= Beginning of Section =

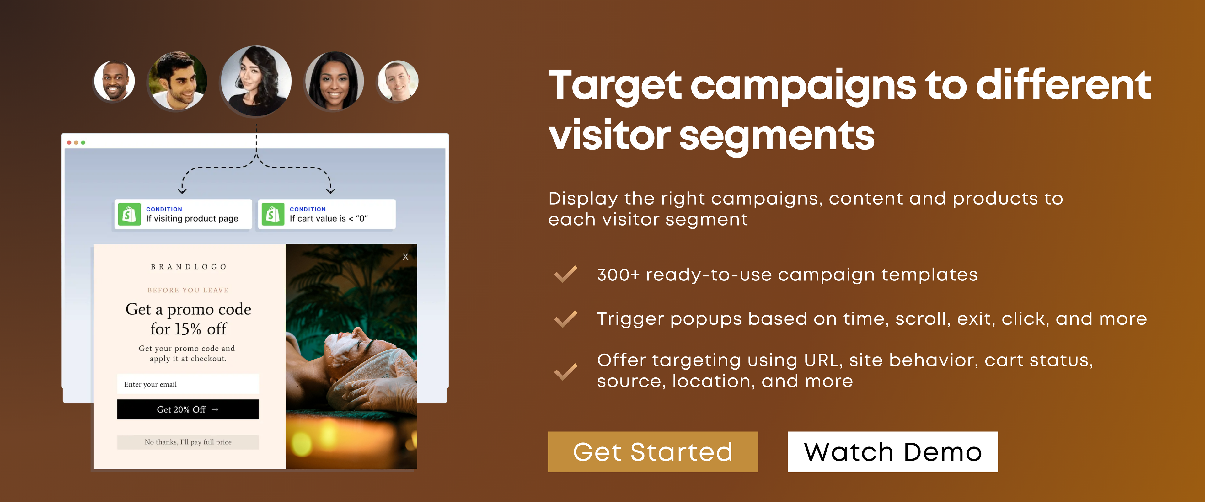 With 300+ ready-to-use campaign templates, you can create customized offers based on visitor behavior, page activity, cart value, traffic source, location, and more.
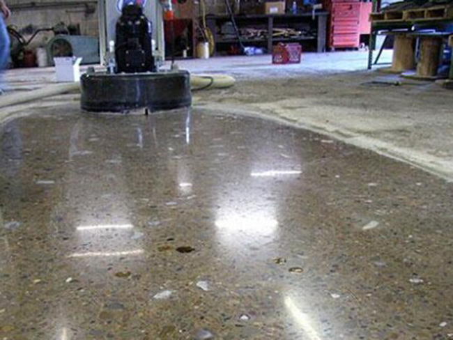 混凝土密封固化劑材料滲透到混凝土內(nèi)部后,和混凝土內(nèi)部的游離鈣離子等進(jìn)行反應(yīng),形成結(jié)構(gòu)穩(wěn)定的分子,使地面強(qiáng)度提升,并通過(guò)拋光打磨后,提升地面的光澤度。
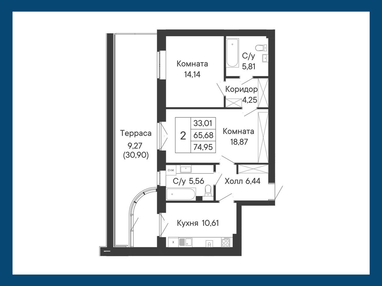 2-комнатная — 74,95 м² 2/8 эт. в Ривьера
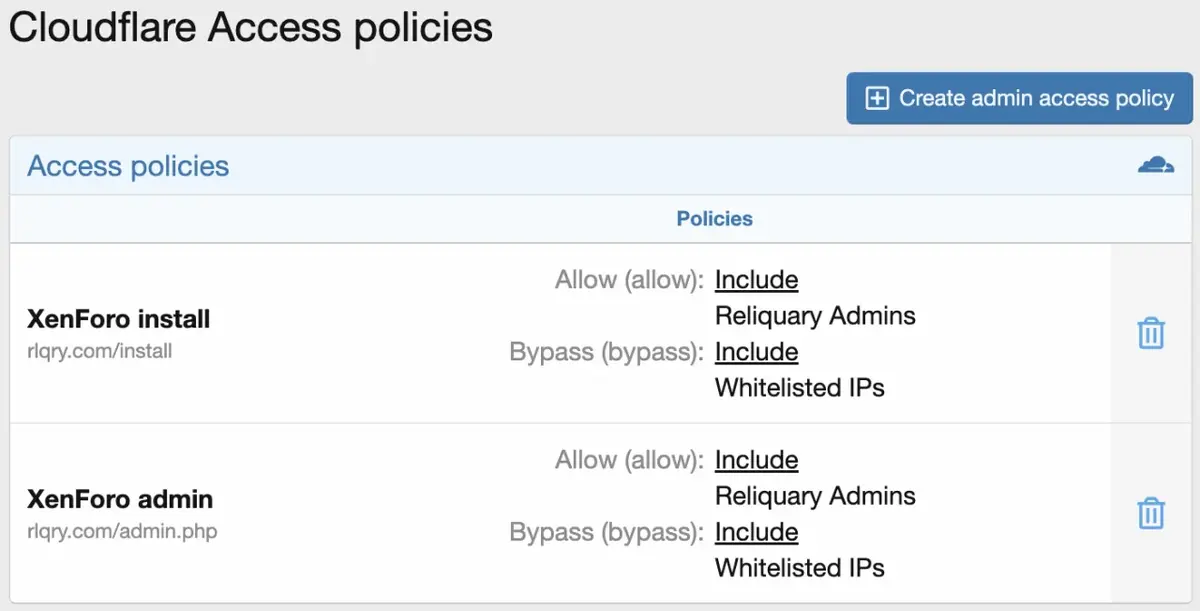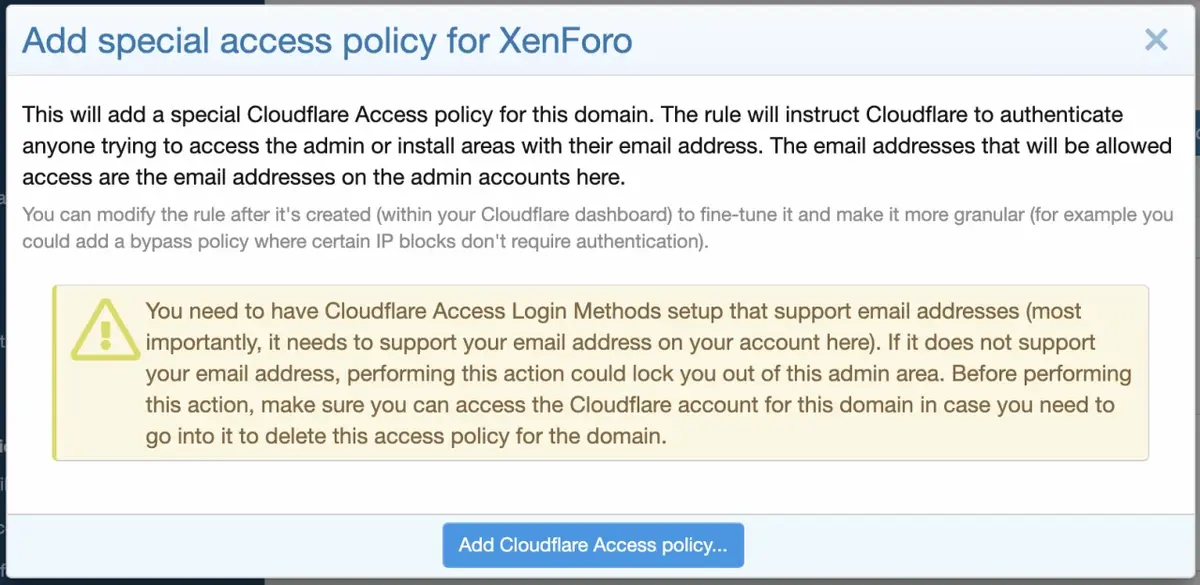 • You can automatically create Access policies to allow only admins the ability to access the install and admin.php URLs. You can also delete any existing Access policy.

= End of Section =

- [Problem] Pictures are not part of the copy. Please reproduce the material word for word.

- [Task solution]
 With 300+ ready-to-use campaign templates, you can create customized offers based on visitor behavior, page activity, cart value, traffic source, location, and more.
 混凝土密封固化劑材料滲透到混凝土內(nèi)部后,和混凝土內(nèi)部的游離鈣離子等進(jìn)行反應(yīng),形成結(jié)構(gòu)穩(wěn)定的分子,使地面強(qiáng)度提升,并通過(guò)拋光打磨后,提升地面的光澤度。
 2-комнатная — 74,95 м² 2/8 эт. в Ривьера
 • You can automatically create Access policies to allow only admins the ability to access the install and admin.php URLs. You can also delete any existing Access policy.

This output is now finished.